Per quanto riguarda Banca Generali, l’operazione è progettata come un “add-on” per preservare l’autonomia del business e della rete di consulenti, un elemento che Mps considera distintivo. Non è prevista una razionalizzazione della rete dei consulenti finanziari di Banca Generali.

Le offerte di Mps non decadrebbero automaticamente nel caso in cui l’Opas di Intesa si concludesse con un cambiamento del controllo di Mps. Rimangono valide le condizioni di efficacia previste, le eventuali possibilità di rinuncia o modifica consentite dalla normativa, e le prerogative delle autorità di vigilanza. Tra le condizioni delle offerte non figura il mancato perfezionamento dell’Opas di Intesa.

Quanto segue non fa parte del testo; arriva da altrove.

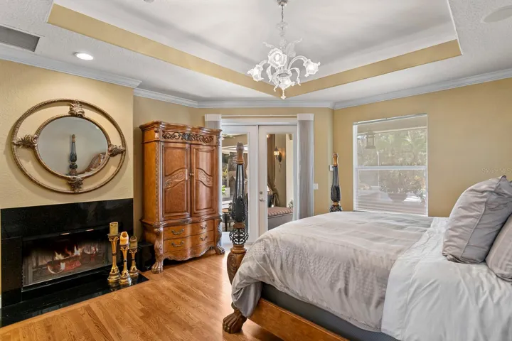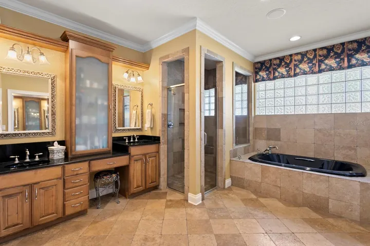 Located in the prestigious manned and guard-gated community of Cory Lake Isles, this northwest-facing, one-of-a-kind custom estate sits on an oversized homesite with private conservation views. From the moment you arrive, the curb appeal is undeniable—an impressive winding pavered driveway leads to a charming courtyard entry and stately double-door foyer. Inside, you’ll find 5 bedrooms, 5 bathrooms, a private office, and a large bonus room, all showcasing custom craftsmanship and rich finishes. The grand foyer sets the tone with soaring scale, column accents, and wood floors that flow through most of the home. The office features plantation shutters, built-ins, and elegant wood flooring, while the formal spaces impress with crown molding, a coffered ceiling, wet bar, built-in hutch, and a wood-burning dual fireplace that is featured in both the living room and primary bedroom. The primary suite is a true retreat with wood floors, and a spa-inspired bath featuring tumbled marble flooring, walk-in closet, detailed tile accents, and custom maple cabinetry. The gourmet kitchen is designed for entertaining with stainless steel appliances, double ovens, maple cabinetry, granite countertops, and an oversized island workstation. The split floor plan ensures privacy, placing the primary suite near the formal areas, two bedrooms near the kitchen and family room, and two more bedrooms toward the rear of the home. The family room highlights wood floors, custom built-ins, and pocket sliding glass doors opening to the outdoor living space. Upstairs, the oversized bonus room offers a full bath and kitchenette with refrigerator, sink, and microwave—perfect as a media room, guest quarters, or in-law suite. The outdoor oasis is extraordinary, with a full outdoor kitchen, large covered lanai, heated spa, cascading waterfall, self cleaning pool, fire pit seating area, and extended pavered patio, all surrounded by lush landscaping. Cory Lake Isles is more than a neighborhood—it’s a lifestyle. Residents enjoy a 165-acre ski lake for boating, fishing, and water sports, along with resort-style amenities including a waterfront beach club, fitness center, playgrounds, parks, tennis and pickleball courts, and a community pool. This rare estate offers luxury living inside and out, with the best of Tampa’s premier gated lakefront community. Welcome Home!

Mps ha anche fornito un confronto sui valori delle proprie offerte prima dell’annuncio dell’Opas. L’offerta di Intesa, che riconosceva un premio del 12,5% rispetto alle quotazioni di Mps, ha contribuito alla crescita del titolo e ha modificato il valore implicito delle azioni utilizzate come corrispettivo nelle operazioni. Prendendo come riferimento i valori di Borsa del 5 giugno, prima dell’annuncio dell’offerta di Intesa, l’Ops su Banco Bpm sarebbe risultata a sconto dell’8,1% e quella su Banca Generali a sconto del 3,2%. Considerando i prezzi medi ponderati di Mps a uno, tre, sei e dodici mesi dal 5 giugno, lo sconto sull’offerta per Banco Bpm sarebbe compreso tra il 5,7% e il 10,4%, mentre per Banca Generali oscillerebbe tra l’1,6% e il 7,9%.

Infine, prendendo come riferimento l’ultimo prezzo ufficiale disponibile, quello di venerdì, emerge un premio implicito del 3,4% per gli azionisti di Banco Bpm e del 12,8% per quelli di Banca Generali. Mps avverte, tuttavia, che questi valori non sono depurati dagli effetti che l’offerta di Intesa potrebbe aver prodotto sulle quotazioni.

redazione

Autore di Osservatorio Energia.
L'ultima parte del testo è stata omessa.